История первая: в «Маятнике Фуко» юный Казобон любит бразильянку по имени Ампаро. Представьте, Джозуэ Муска увидел в имени девушки связь с физиком Андре-Мари Ампером, исследовавшим магнитные взаимодействия между электрическими полями. Слишком сложно. Я не знаю, почему назвал возлюбленную Казобона именно так. Позднее я понял, что имя-то совсем не бразильское, и дописал (см. гл. 23): «Никогда я не мог понять, откуда у этой потомицы голландцев, причаливших в Ресифи и перемешавших свою кровь с индейцами и с суданскими неграми, с ее ямайским лицом, с ее парижской культурой, взялось испанское имя». Другими словами, я выбрал имя «Ампаро», как если бы оно пришло ко мне откуда-то извне.
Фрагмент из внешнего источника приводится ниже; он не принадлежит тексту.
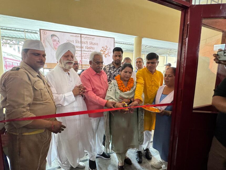 आज संत निरंकारी मिशन हरिद्वार शाखा के द्वारा रक्तदान शिविर का आयोजन किया गया जिसमें सुनील सैनी राज्य मंत्री ने मुख्य अतिथि के तौर पर फीता काटकर रक्तदान शिविर का शुभारंभ किया रक्तदान कार्यक्रम में अतिथि हरिद्वार विधायक मदन कौशिक ,अतिथि हरिद्वार मेयर किरण जैसल उपस्थित रहे , राज्य मंत्री जी ने बताया रक्तदान महादान होता है रक्तदान हम सभी को करना चाहिए, रक्तदान कर अगर हमारा रक्त किसी के काम आ सके और उसका जीवन बच सके यही सच्ची श्रद्धा और सेवा है हम सभी को सेवा ही परमो धर्म के सिद्धांत पर चलना चाहिए किसी भी रूप में समाज सेवा करना चाहिए रक्तदान भी समाज सेवा है,

Через несколько месяцев после того, как книга увидела свет, один из моих друзей спросил:
«А почему именно "Ампаро"? Разве это не название горы? Или имя девушки, смотрящей на гору?» И затем пояснил: «Есть такая песня, "Гуантанамера", и где-то в ней, кажется, присутствует "Ампаро"». О господи! Ну конечно, я прекрасно знал эту песню, хоть не помнил из нее ни единого слова! В середине 1950-х ее пела прекрасная латиноамериканка, в которую я тогда был влюблен. Она не была ни бразильянкой, ни марксисткой, ни негритянкой, ни истеричкой, как Ампаро из моего романа, однако совершенно ясно, что, сочиняя очаровательную латиноамериканку, я подсознательно разбередил в душе образ, хранившийся там со времен юности, когда мне было столько же лет, сколько Казобону. Я вспомнил песню, и каким-то таинственным образом имя «Ампаро», совершенно мною позабытое, перекочевало из моего подсознания на бумагу. Эта история абсолютно иррелевантна с точки зрения интерпретации моего романа. В том, что касается текста, Ампаро есть Ампаро есть Ампаро есть Ампаро.
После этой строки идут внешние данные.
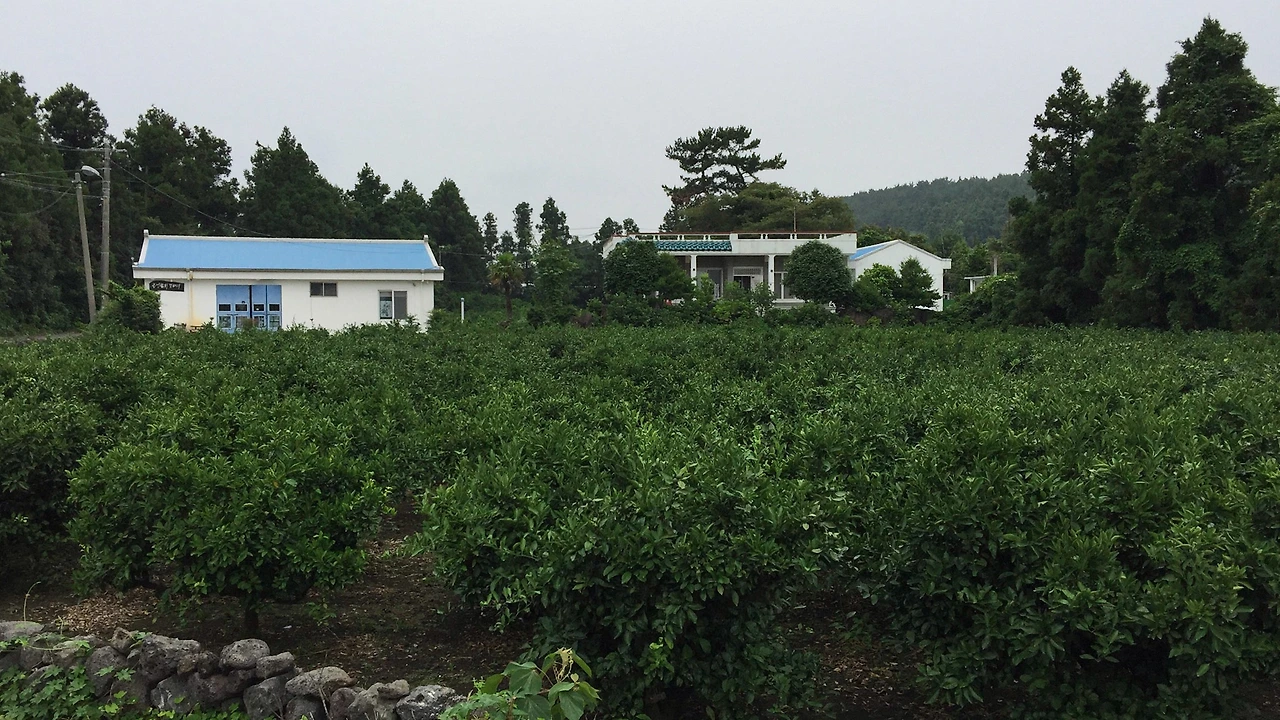 자그마치 15일이나 지낼 곳이니 나름 고르고 골라서 선택한 곳이다. 숙소 근처는 위의 사진처럼 모두 감귤밭. 아직은 초여름이라 아주 작은 열매들만 맺혀있는 키 작은 나무들.

История вторая. Те из вас, кто читал «Имя розы», вероятно, помнят, что это история таинственного манускрипта, который оказывается утерянной рукописью второй книги «Поэтики» Аристотеля, что листы книги пропитаны ядом и что описана она (в главе «Седьмого дня НОЧЬ») приблизительно так: «Он прочел вслух до конца первого листа книги, потом умолк, как бы утратив интерес, и быстро просмотрел следующие несколько листов. Но оказалось, что листать эту книгу не так-то просто. Вдоль верхнего поля и вдоль обреза ее листы слиплись, склеились. Так бывает, когда книга отсыревает из-за дурного хранения. Ее бывает невозможно открыть. Пергаменты перестают отделяться один от другого, превращаясь в плотную клейкую массу».
Ознакомительная версия.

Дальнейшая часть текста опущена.